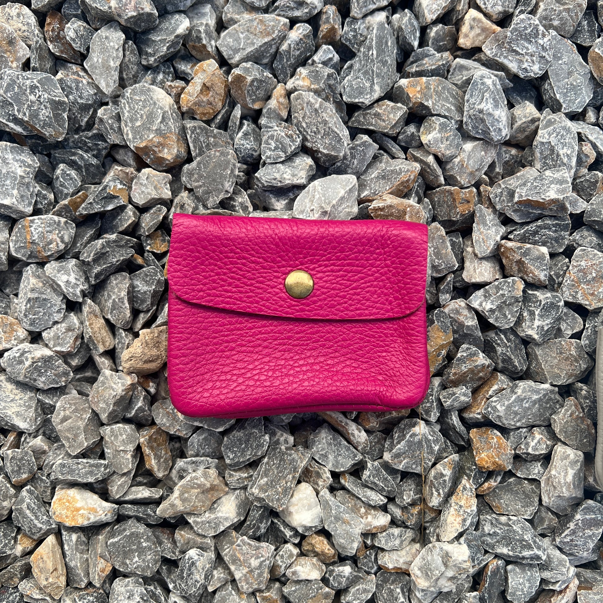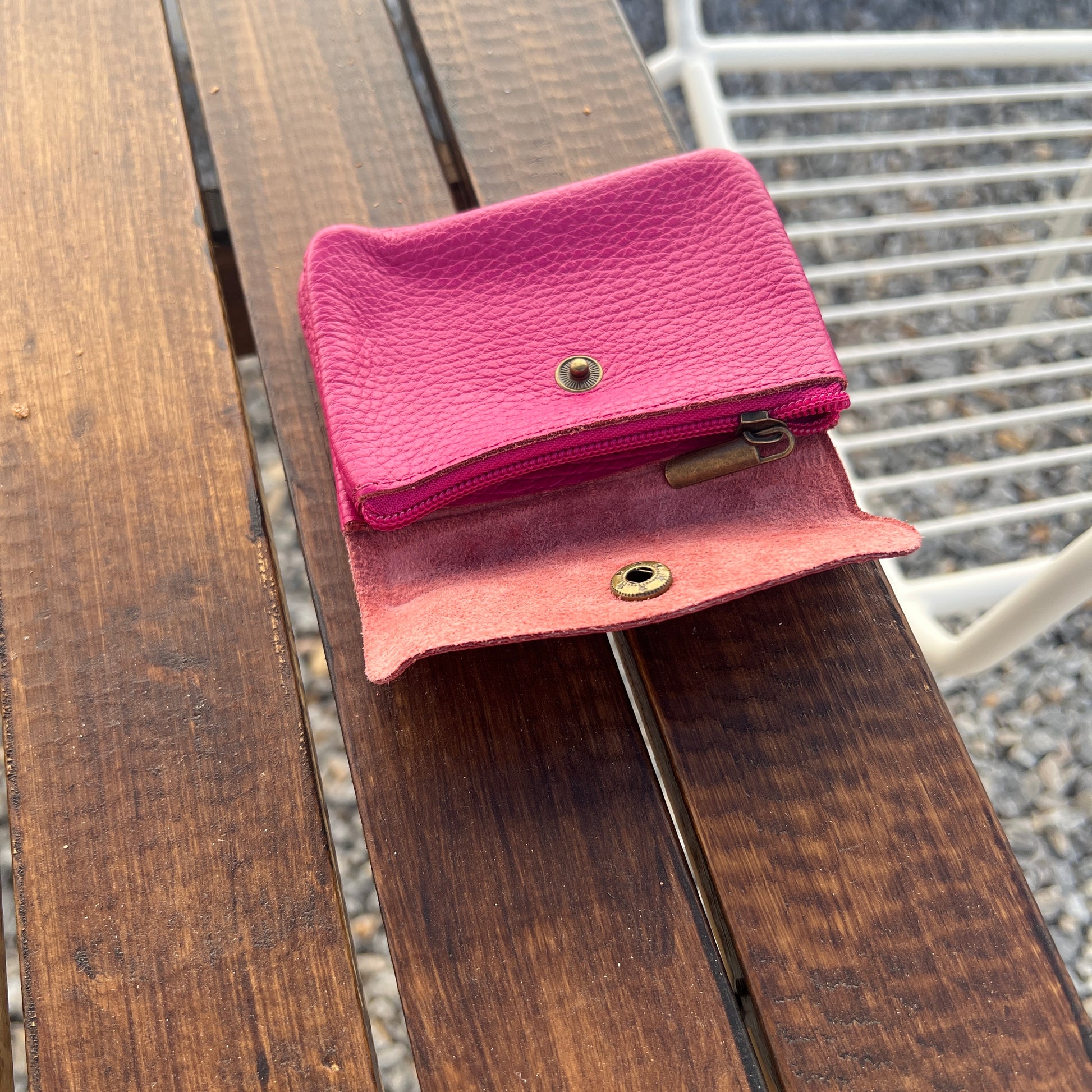 Monedero con textura en piel. Tres compartimentos interiores. Uno de ellos con cierre en cremallera. Interior sin forrar. Cierre exterior con broche en la solapa.
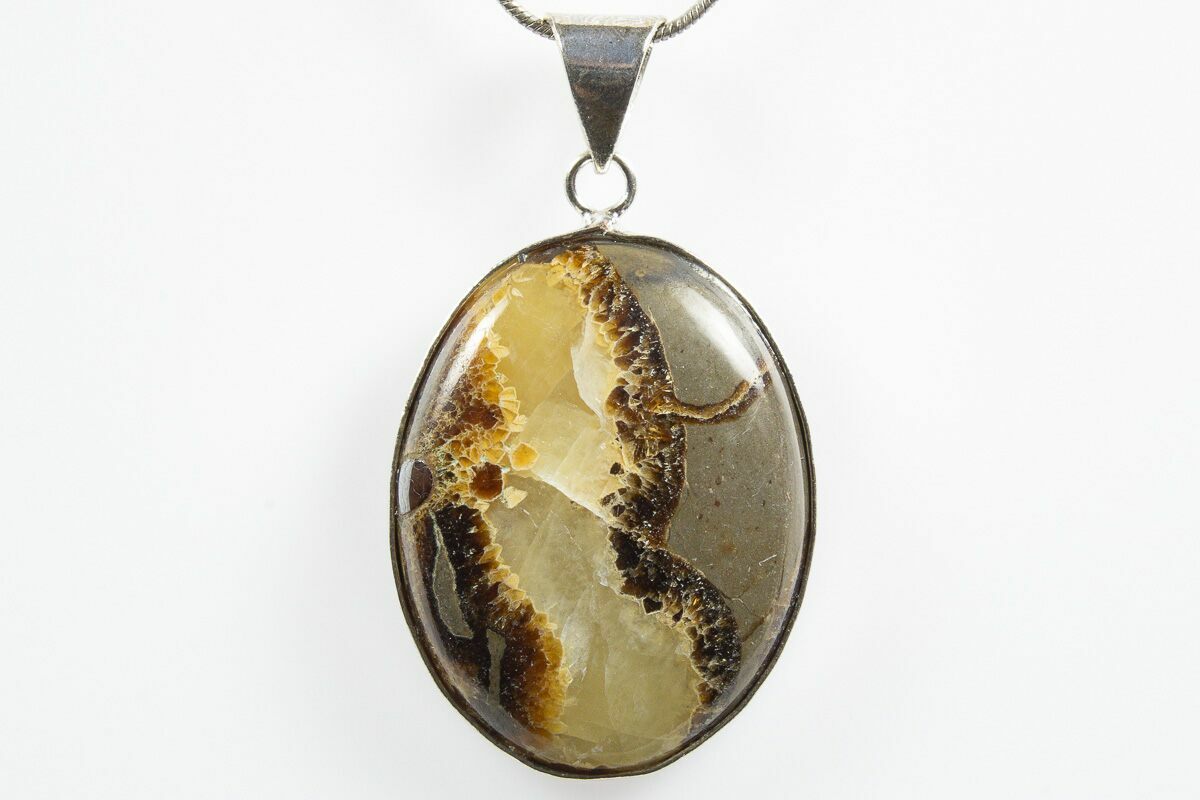 This handcrafted pendant is made from polished Madagascar septarian, showcasing the stone’s natural patterns and earthy tones. Each unique piece comes paired with a 24-inch silver-plated snake chain featuring a lobster clasp.
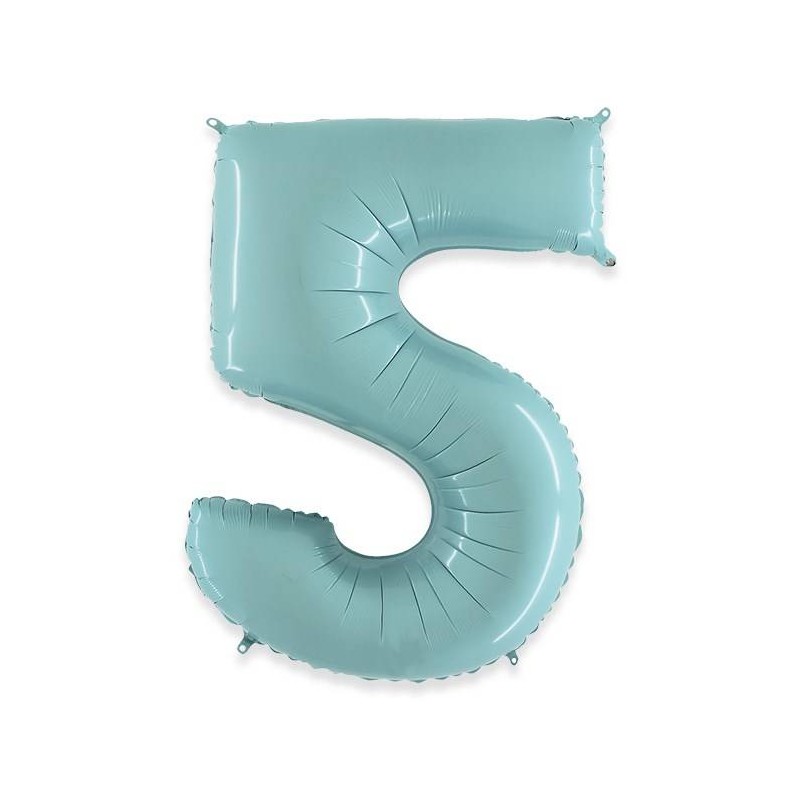 PALLONE NUMERO 5 MYLAR 102cm 40" CELESTE

=====

Nothing but the lines from the one containing "This handcrafted pendant" through the last line of the material may appear in the answer, transcribed exactly and with no pictures.

> **Problem solution**:
 This handcrafted pendant is made from polished Madagascar septarian, showcasing the stone’s natural patterns and earthy tones. Each unique piece comes paired with a 24-inch silver-plated snake chain featuring a lobster clasp.
 PALLONE NUMERO 5 MYLAR 102cm 40" CELESTE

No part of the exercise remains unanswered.